## Task objective
Would you reproduce exactly the lines below from the one holding "В авторемонтном цехе" through the one holding "día del libro", inclusive, and no others?

(Source data)
┄┄┄┄┄┄┄┄┄┄

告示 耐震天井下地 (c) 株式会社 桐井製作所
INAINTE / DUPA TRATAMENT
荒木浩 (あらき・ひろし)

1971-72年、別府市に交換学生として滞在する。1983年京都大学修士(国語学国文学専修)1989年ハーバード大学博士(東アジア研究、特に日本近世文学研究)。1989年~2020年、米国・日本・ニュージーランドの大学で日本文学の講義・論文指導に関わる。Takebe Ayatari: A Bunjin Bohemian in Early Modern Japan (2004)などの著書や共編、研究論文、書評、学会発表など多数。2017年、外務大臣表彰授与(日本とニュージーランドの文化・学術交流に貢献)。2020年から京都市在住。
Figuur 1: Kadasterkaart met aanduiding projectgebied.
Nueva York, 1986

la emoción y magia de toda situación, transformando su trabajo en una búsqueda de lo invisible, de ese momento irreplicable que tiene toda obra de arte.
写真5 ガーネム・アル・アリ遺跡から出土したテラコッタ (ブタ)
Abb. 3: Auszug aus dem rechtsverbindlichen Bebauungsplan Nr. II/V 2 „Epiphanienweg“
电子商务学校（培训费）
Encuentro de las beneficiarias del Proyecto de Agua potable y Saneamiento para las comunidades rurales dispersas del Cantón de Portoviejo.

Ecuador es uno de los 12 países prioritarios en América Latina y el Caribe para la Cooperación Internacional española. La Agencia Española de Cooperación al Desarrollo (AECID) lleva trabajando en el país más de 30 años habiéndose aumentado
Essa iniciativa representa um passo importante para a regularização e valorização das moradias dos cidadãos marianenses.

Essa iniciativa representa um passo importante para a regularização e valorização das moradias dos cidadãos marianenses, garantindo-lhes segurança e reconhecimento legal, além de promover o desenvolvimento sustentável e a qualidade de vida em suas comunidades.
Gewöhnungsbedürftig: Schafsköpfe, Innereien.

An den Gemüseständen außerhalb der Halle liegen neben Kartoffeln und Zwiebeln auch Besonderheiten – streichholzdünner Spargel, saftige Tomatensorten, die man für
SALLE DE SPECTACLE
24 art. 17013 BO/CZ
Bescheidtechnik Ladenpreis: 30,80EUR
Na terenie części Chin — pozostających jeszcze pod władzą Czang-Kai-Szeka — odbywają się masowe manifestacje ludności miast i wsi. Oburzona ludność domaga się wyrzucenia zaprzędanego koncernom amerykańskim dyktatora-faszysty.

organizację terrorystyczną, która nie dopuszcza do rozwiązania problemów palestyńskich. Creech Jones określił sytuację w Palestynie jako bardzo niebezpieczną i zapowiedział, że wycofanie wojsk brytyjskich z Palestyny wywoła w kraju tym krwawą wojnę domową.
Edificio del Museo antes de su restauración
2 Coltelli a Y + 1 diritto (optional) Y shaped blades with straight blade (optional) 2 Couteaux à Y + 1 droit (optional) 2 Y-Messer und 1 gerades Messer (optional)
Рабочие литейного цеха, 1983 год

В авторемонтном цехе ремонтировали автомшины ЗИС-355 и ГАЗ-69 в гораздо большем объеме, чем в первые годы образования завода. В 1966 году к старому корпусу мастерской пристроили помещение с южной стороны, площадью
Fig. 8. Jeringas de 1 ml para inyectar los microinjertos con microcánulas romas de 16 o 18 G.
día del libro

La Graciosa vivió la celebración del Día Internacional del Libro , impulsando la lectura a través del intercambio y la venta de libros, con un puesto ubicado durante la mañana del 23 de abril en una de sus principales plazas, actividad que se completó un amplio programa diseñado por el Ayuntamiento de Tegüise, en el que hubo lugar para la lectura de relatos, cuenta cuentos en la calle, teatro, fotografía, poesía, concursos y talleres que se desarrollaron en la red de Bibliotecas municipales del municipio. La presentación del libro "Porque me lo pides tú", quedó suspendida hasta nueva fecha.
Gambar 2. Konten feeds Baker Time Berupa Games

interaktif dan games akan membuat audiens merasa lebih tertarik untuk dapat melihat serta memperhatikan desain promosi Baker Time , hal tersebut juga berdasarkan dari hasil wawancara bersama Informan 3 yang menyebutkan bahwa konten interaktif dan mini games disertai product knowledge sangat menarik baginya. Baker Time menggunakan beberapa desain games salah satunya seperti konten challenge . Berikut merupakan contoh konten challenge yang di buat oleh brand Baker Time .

┄┄┄┄┄┄┄┄┄┄

## Expected output
В авторемонтном цехе ремонтировали автомшины ЗИС-355 и ГАЗ-69 в гораздо большем объеме, чем в первые годы образования завода. В 1966 году к старому корпусу мастерской пристроили помещение с южной стороны, площадью
Fig. 8. Jeringas de 1 ml para inyectar los microinjertos con microcánulas romas de 16 o 18 G.
día del libro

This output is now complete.